Monday, April 6, 2015

Exploratory survey digs into the lived experience of “hearing voices”

Via arstechnica.com by Cathleen O'Grady

Auditory hallucinations—commonly referred to as "voices in your head"—are a common symptom of some mental illnesses. There’s a widely understood and stereotypical picture of what it means to “hear voices,” but many common perceptions about these experiences don’t hit on the truth. Preconceived ideas such as these are an especially important problem in psychiatric research. It’s difficult to figure out why people hear voices if we don’t really understand what these voices are like in the first place.

Hearing the Voice, a research group at Durham University in England, designed an exploratory survey to figure out where current research might be making incorrect assumptions. The group, which is home to a team of cognitive neuroscientists, psychologists, psychiatrists, medical humanities specialists and others, aims to explore the causes and treatment of auditory verbal hallucinations.

They created a survey that was aimed at anyone who reports hearing voices, whether or not they've received a clinical diagnosis. Participants were recruited through clinical networks, support groups, and mental health forums. The results, published in The Lancet Psychiatry, included both statistical analyses and descriptions of participant responses, highlighting some potentially important departures from conventional wisdom, as well as some promising avenues for further research.


Surveys definitely have their shortcomings. The authors acknowledge this but argue that there has been very little research conducted that tries to get to the bottom of what people actually experience. Surveys are an important starting point.

One limitation in the existing literature is that it tends to focus only on single conditions like schizophrenia, where hearing voices is actually associated with other conditions as well. The Hearing the Voice survey gathered responses from 157 individuals and received responses from people with diagnoses of post-traumatic stress disorder, bipolar disorder, and obsessive compulsive disorder, among others.

A further problem with previous research was that the kind of language used in surveys could have prompted certain kinds of responses from participants, accidentally excluding useful information. For example, one previous study found that 86 percent of participants reported “constant, commanding, and commenting” voices. These voices are commonly assumed to be "inherently violent or potentially harmful," write the Hearing the Voice authors.

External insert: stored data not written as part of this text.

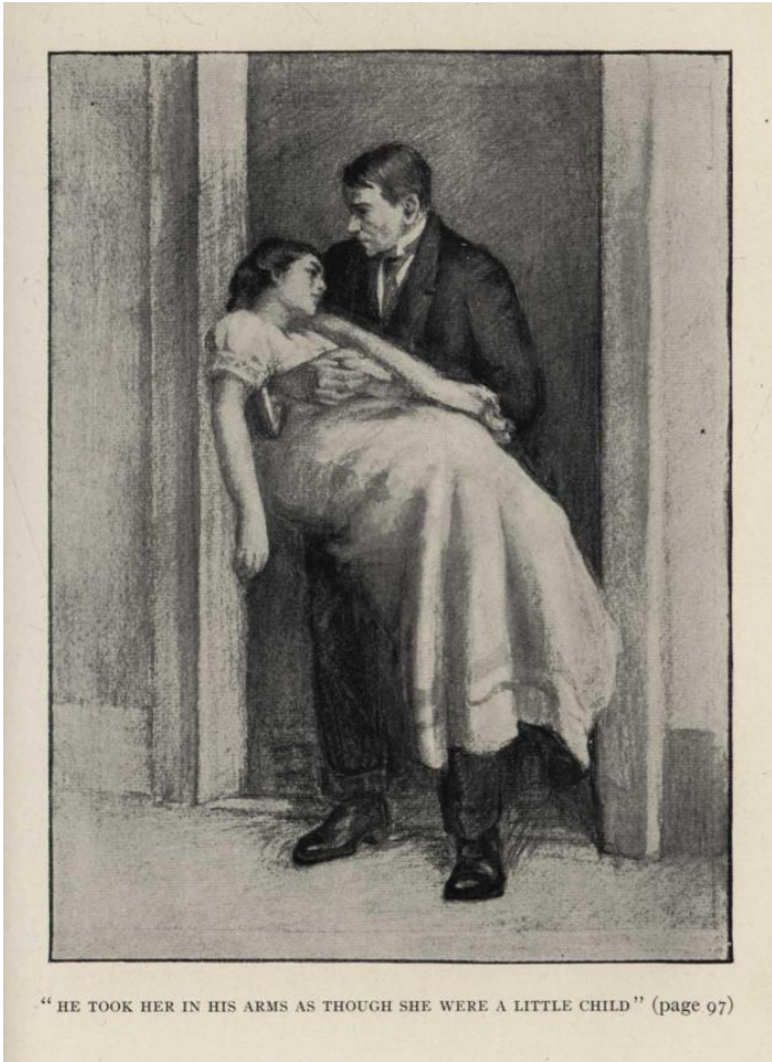
"HE TOOK HER IN HIS ARMS AS THOUGH SHE WERE A LITTLE CHILD" (page 97)
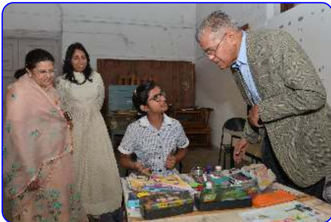
Chief Guest Interact with Participants
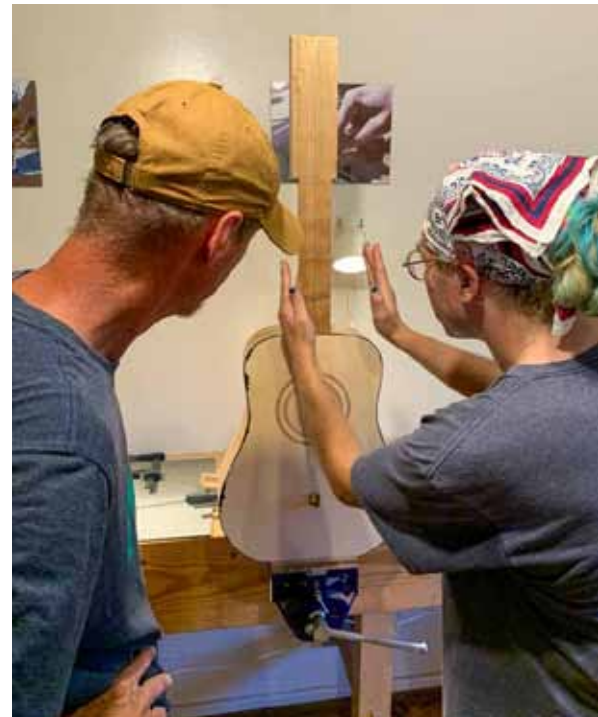
Using a plumb bob to true the neck to the body.

The new survey used more open-ended questions that allowed participants to describe their experiences in their own words, and it turned up very different results. Only five percent of participants described voices that issues harmful or negative commands. In fact, a number of people say their voices issue helpful or benign instructions: “They’ll tell me to take out the garbage or check the lock on the window or call someone,” writes one study participant. This could partly be explained by different populations being studied, but it's also possible that fewer people have menacing voices than we previously thought.

“Hearing" voices doesn’t always mean literally hearing, either. Only 44 percent of respondents described their experiences as auditory. For nine percent, the voices are entirely thought-like, and 37 percent of people experienced a mix of thought-like and auditory voices. And a large number, about a fifth, said “voice” wasn’t an adequate description of what they experienced. They used descriptions like “intuitive knowing” or “telepathic experience."

A large majority (81 percent) said they heard multiple voices, and for a fifth of participants, the voices belonged to recognized individuals. In many cases the voices induced fear, anxiety, and stress; but contrary to stereotype, about a third of participants reported feeling neutral or even positive about their voices. Nearly half (45 percent) said they were able to influence the voices by engaging with them.

This survey wasn’t intended to be conclusive or watertight. Rather, its purpose is to provide new potential avenues for research. For example, existing research often assumes that auditory hallucinations are always perceptual events, where people literally hear voices. The data from the survey suggest that this assumption should be re-examined, and exploring new possibilities here could lead to new discoveries about what causes these kinds of hallucinations.

Ultimately, this kind of research provides “no means to check the truth,” write the authors. There was no way to verify the reported diagnoses or experiences of the participants. And as with many studies, the participant pool was limited: largely white, predominantly female, and all drawn from people with access to the Internet. Participants were recruited using clinical networks, but individuals in acute care wouldn’t have been able to respond, which means that their responses wouldn’t have been taken into account in the data.

Still, it’s a start. In a review of more than 300 research articles associated with keyword search terms, the authors were unable to find any that included individuals with different diagnoses and that used open-ended questions to explore the full extent of participant experiences. There’s a lot of work still to be done here.

The Lancet Psychiatry
, 2015. DOI: 10.1016/S2215-0366(15)00006-1 (About DOIs).